# THE PROBLEM
Output, exactly as written, the lines below from the one that has "Задняя крышка для" through the one that has "河南婦好墓出土婦好盤,口徑約"; nothing else, and no pictures.

# DATA RECORDS
┌──

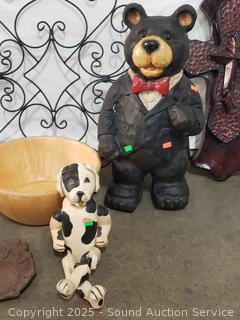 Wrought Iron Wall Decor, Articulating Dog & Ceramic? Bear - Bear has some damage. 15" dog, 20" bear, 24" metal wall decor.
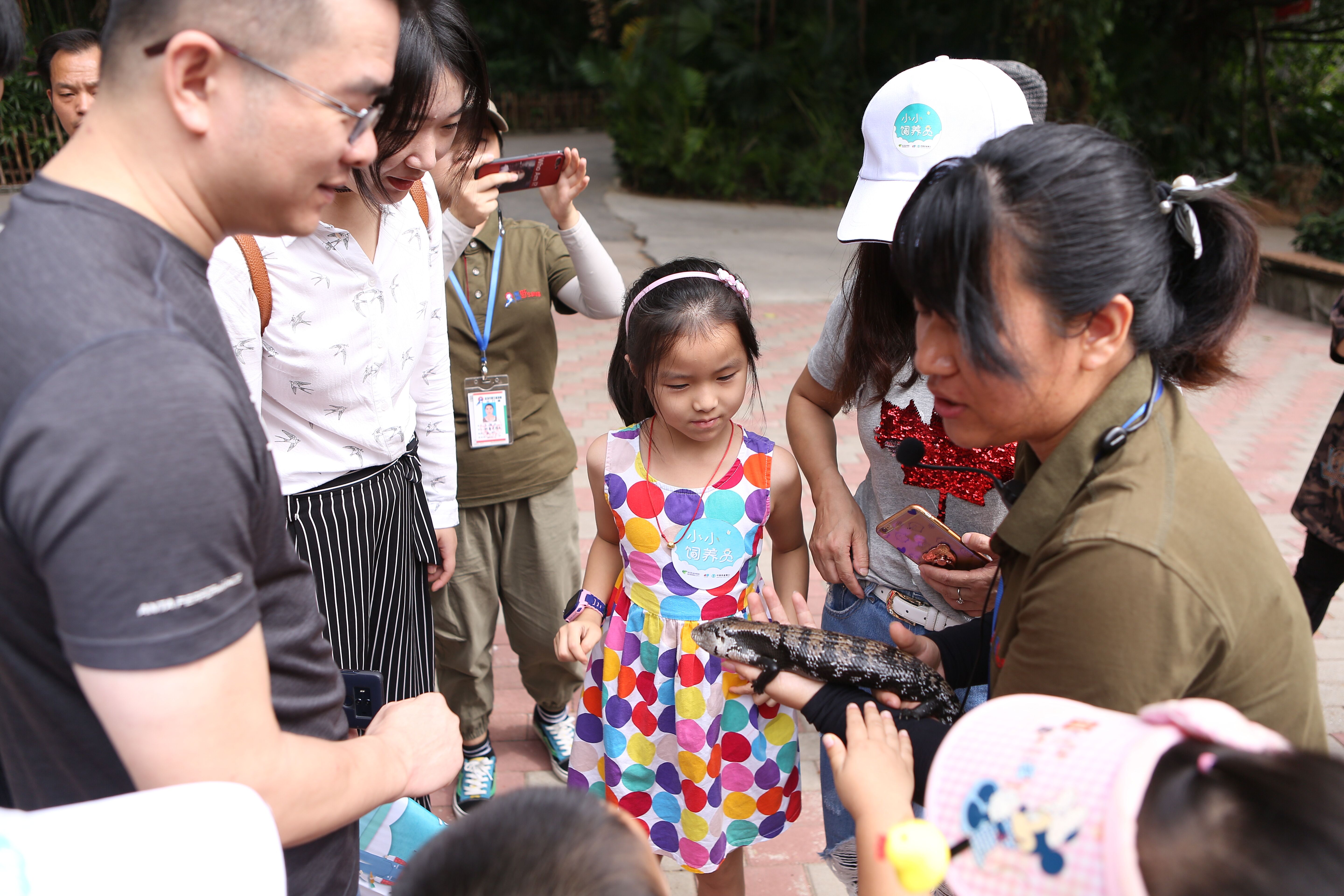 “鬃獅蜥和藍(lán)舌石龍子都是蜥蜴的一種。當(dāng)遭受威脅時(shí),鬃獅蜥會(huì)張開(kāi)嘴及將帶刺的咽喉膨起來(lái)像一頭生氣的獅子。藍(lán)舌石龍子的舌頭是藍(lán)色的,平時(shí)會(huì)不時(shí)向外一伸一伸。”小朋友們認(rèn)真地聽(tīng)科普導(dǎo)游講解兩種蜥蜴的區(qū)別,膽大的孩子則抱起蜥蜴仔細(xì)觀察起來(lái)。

└──
┌──

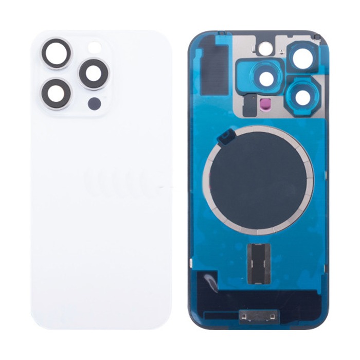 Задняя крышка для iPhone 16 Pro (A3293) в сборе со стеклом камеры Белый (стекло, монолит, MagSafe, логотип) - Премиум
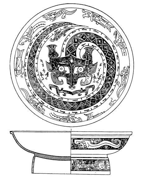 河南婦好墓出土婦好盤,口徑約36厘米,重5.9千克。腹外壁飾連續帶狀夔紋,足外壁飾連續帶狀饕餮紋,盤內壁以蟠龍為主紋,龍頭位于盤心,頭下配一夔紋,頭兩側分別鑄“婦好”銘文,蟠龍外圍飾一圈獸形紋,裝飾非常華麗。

└──

# EXERCISE SOLUTION
 Задняя крышка для iPhone 16 Pro (A3293) в сборе со стеклом камеры Белый (стекло, монолит, MagSafe, логотип) - Премиум
 河南婦好墓出土婦好盤,口徑約36厘米,重5.9千克。腹外壁飾連續帶狀夔紋,足外壁飾連續帶狀饕餮紋,盤內壁以蟠龍為主紋,龍頭位于盤心,頭下配一夔紋,頭兩側分別鑄“婦好”銘文,蟠龍外圍飾一圈獸形紋,裝飾非常華麗。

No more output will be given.